My program allows users to fill in the URL from other sites to fetch resources, but before crawling I need to know the size of resources, otherwise the resource too much time consuming too long will also occupy unnecessary bandwidth. I found out that HTTP has head in it. This protocol is to get the HTTP header information for only one resource, then
curl
How to get only HTTP headers without downloading all the body?
There content-length
is all the HTTP header information must be there, because I only have this method to get the size of the resources. Without this information, I would like to use an alternative, is to set the maximum length of the Curl download resource, if the connection is exceeded, and then error. Is there an option to achieve such effects in curl?

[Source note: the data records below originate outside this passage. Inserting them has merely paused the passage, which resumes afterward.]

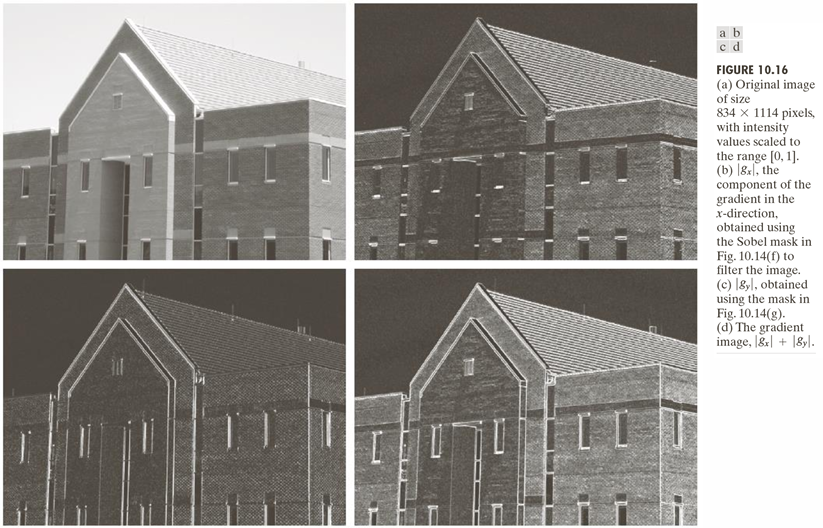 아래 그림은 Sobel masks를 이용한 엣지 검출 과정을 단계별로 보여주는 예시이다. 원본 이미지는 (a)이다.
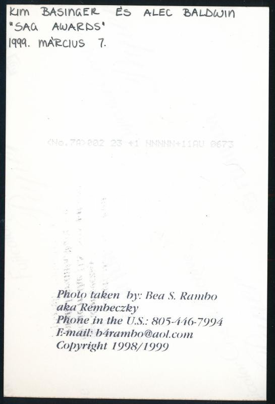 1999 Kim Basinger színésznő és Alec Baldwin, feliratozott, pecséttel j... https://www.darabanth.com/de/473-Fernauktion/473.0/Fotografie/Foto~500025/1999-Kim-Basinger-szineszno-es-Alec-Baldwin-feliratozott-pecsettel-jelzett-foto-15C39710-cm~II3212241
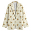 The button closure and side pockets add both style and practicality, providing secure storage for small essentials like keys or a phone. Whether you’re in a professional setting or enjoying a night out, these features make the blazer as functional as it is fashionable. The stitching, available in black or white, is thoughtfully matched to the design, ensuring a polished and cohesive look.
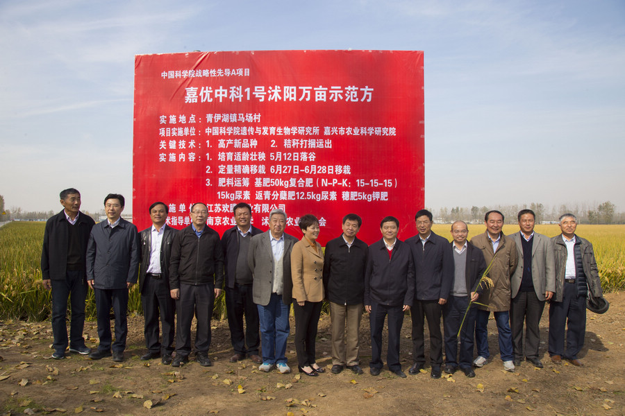10月31日,中国科学院“分子模块设计育种创新体系”先导专项创制的“嘉优中科1号”模块新品种,在江苏沭阳举行了万亩示范方的现场考察和测产验收。中国科学院重大科技任务局副局长黄铁青、资环生物处副处长姚远,科学传播局新闻联络处业务主管刘宇飞、王洋,分子模块先导专项监理组专家王贵海、相建海、夏桂先研究员,专项总体组专家种康、程祝宽、何祖华、王台、田志喜、林少扬研究员,专项子课题负责人李家洋院士及其团队成员刘贵富副研究员,专项依托单位遗传与发育生物学研究所所长杨维才、书记胥伟华,科技发展部部长陈凡、重大办主任邓向东,综合事务管理部副部长张颖娇,专项总体办常务副主任李明、副主任顾佩芝,江苏省农委副主任张坚勇、种子管理站站长何金龙,宿迁市政府副市长光华、市农科院院长刘永锋,沭阳县委书记卞建军、代县长彭伟,以及浙江省种子管理站、嘉兴市农科院及部分区县种子管理站相关负责人,江苏欢腾农业、合肥丰乐种业等种业公司代表等,共计70余人参加本次考察调研活动。人民日报、新华社、中央电视台、光明日报、经济日报、中央广播电台、科技日报、农民日报、文汇报、湖南卫视、中国科学报、中科院声像中心等10多家新闻媒体记者随行进行了现场采访。

Finally ask, how does the server support the head protocol?
Reply content:
My program allows users to fill in the URL from other sites to fetch resources, but before crawling I need to know the size of resources, otherwise the resource too much time consuming too long will also occupy unnecessary bandwidth. I found out that HTTP has head this protocol, is to get only one resource HTTP header information, then how to curl
only get HTTP headers and not download all the body?
There content-length
is all the HTTP header information must be there, because I only have this method to get the size of the resources. Without this information, I would like to use an alternative, is to set the maximum length of the Curl download resource, if the connection is exceeded, and then error. Is there an option to achieve such effects in curl?

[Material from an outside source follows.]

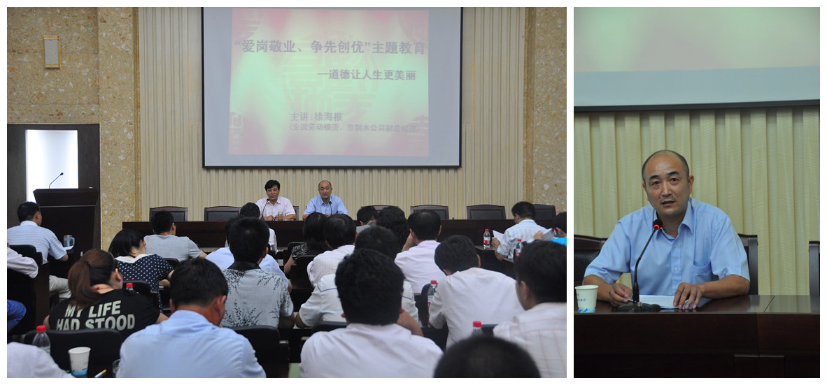 8月11日下午,公司邀請(qǐng)全國(guó)勞動(dòng)模范、紹興市制水公司副總經(jīng)理徐海根為公司班組長(zhǎng)以上管理干部作題為《道德讓人生更美麗》的宣講教育,共80余人聆聽了模范的精彩宣講。會(huì)上,徐海根結(jié)合自身工作實(shí)際,用樸實(shí)的語(yǔ)言從職業(yè)道德、責(zé)任心、愛崗敬業(yè)等方面講述親身經(jīng)歷的感人故事,感人至深,催人奮進(jìn)。與會(huì)的每個(gè)人在這里接受了一次心靈的洗禮,取得較好的效果。

Finally ask, how does the server support the head protocol?
Actually, Curl has a long HEAD
-overdue support for the agreement.
Just add such a line to your code and the Head protocol curl_setopt ($ch, Curlopt_nobody, True) is automatically selected;
If you want to read Content-Length
, then only need to be in the curl_exec
rear
Read the Content-length value in the header $size = Curl_getinfo ($ch, curlinfo_content_length_download);
It should be noted that HEAD
although the protocol is supported by most servers, it is not said that all the servers are supported, and some servers in order to prevent crawling, in the settings to kill the protocol. and is Content-Length
not a required field, you should do if you have this value, and exceed the maximum value, you can return an error, if there is no such value, or do not exceed the maximum value, you must be the size of the downloaded content to judge.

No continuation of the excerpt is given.